Dies ist nun bereits ein fließender Übergang vom Kanban-Board zum Scrum-Board. Im Scrum-Board gibt es vor der Todo-Spalte – teilweise auch synonym dazu – noch ein sogenanntes Backlog. In diesem Backlog stehen sogenannte „User Stories“, die mehrere Tasks logisch zusammenfassen. Wie kann man nun User-Stories, die typischerweise eine Dauer von mehreren Tagen oder sogar einer Woche haben, auf einzelne Tasks mit einer typischen Durchlaufzeit von wenigen Stunden oder maximal einem Tag herunterbrechen? User Stories können dafür genutzt werden, um Aufgaben zu clustern und zusammenzufassen. Beispielsweise kann die erste User Story erst dann einen echten Kundennutzen erzeugen, wenn alle zugehörigen Tasks fertig entwickelt und getestet sind. Auch die nachfolgenden User Stories erzeugen erst dann einen Wert, wenn ihre entsprechenden Tasks vollständig abgearbeitet sind.

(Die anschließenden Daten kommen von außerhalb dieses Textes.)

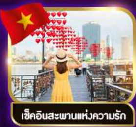
เช็คอินสะพานแห่งความรัก
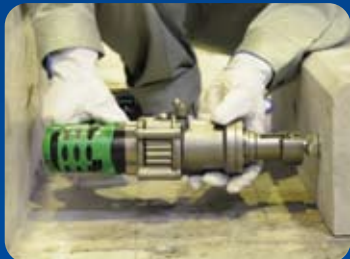
▶ 狭い場所でも施工可能
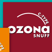
OZONA C-Type Snuff
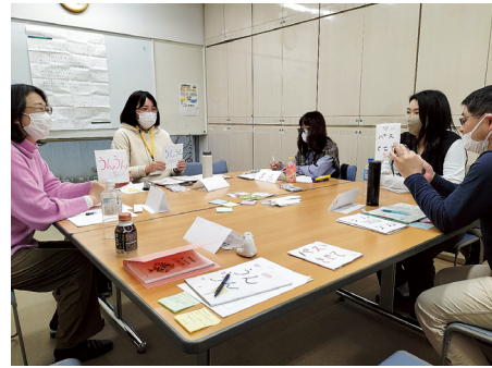
写真1. 「あいりき」の実施場面
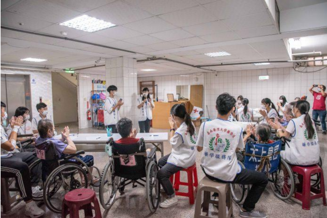
嘉藥藥學系學生以台語劇方式教導長輩在日常預防跌倒和三高。
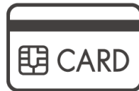
VISA MasterCard AMEX
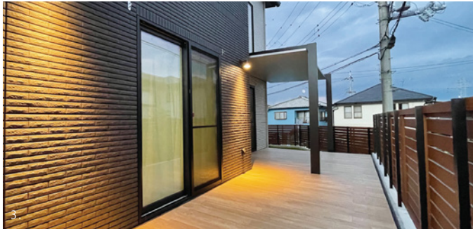
1.2.リビングから続く大きなテラスは広々、お子様にも安全。3.7.大きな屋根で開放感抜群。照明も設置し夜でも利用できます。4.6.門柱は大きいサイズのタイルを使用し存在感を。5.階段は使いやすい高さで設計。手すりも設置し、安全性にも配慮しています。
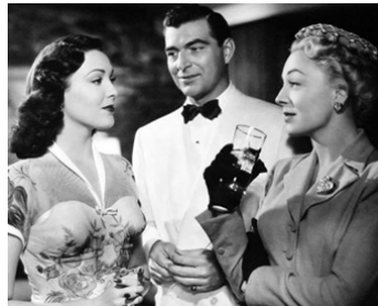
1951 EVE PAIE SA DETTE (The Lady pays off) de D. Sirk avec Stephen McNally, Virginia Field

WIP-Limittierung auf der Ebene von User Stories

Auch auf dieser Ebene gilt nun wieder das Prinzip der WIP-Limittierung: Idealerweise fängt man die erste User Story an, startet den ersten Task, beendet ihn vollständig und beginnt erst dann mit dem nächsten Task. Und erst wenn alle Tasks der ersten User Story komplett abgearbeitet sind beginnt man mit der zweiten User Story und geht dort nach dem gleichen Prinzip vor. Diese Vorgehensweise ist gerade am Anfang schwierig einzuhalten, gerade auch in der Zusammenarbeit in einem kompletten Team. Das Einhalten der Prinzipien und Regeln stiftet jedoch einen erheblichen Nutzen und Mehrwert für das Tem, denn dadurch kann frühestmöglich echter Kundennutzen für den Endanwender erzeugt werden. Während der Abarbeitung von User Stories und Tasks kann es auch vorkommen, dass an einzelnden Aufgaben nicht gearbeitet werden kann und diese durch die WIP-Limitierung den kompletten Arbeitsablauf des Teams blockieren. Solche Blockierungen können nun ebenfalls visualisiert werden über einen Blocker: Identifiezieren und visualisieren Sie dabei die Ursache für den Blocker, seit wann dieser existiert – so dass das Team immer wieder sehen kann wie lange der Task bereits an dieser Stelle festhängt -, welchen Aktionen sind geplant um die Blockade zu beheben, und wer ist als Treiber für die Auflösung des Blockers verantwortlich.

Optische Qualitätskontrolle von Scrum-Boards

Sie sehen hier bereits die typische Form die sich auf einem Scrum-Board automatisch ausbildet, nämlich eine Dreiecksform. Die User Stories von oben nach unten abgearbeitet, die Tasks von links nach rechts und es wird immer an den bereits gestarteten Aufgaben gearbeitet wird um diese möglichst schnell zu Ende zu bringen, um möglichst schnell einen Wert zu erzeugen und den Kunden zufrieden zu stellen.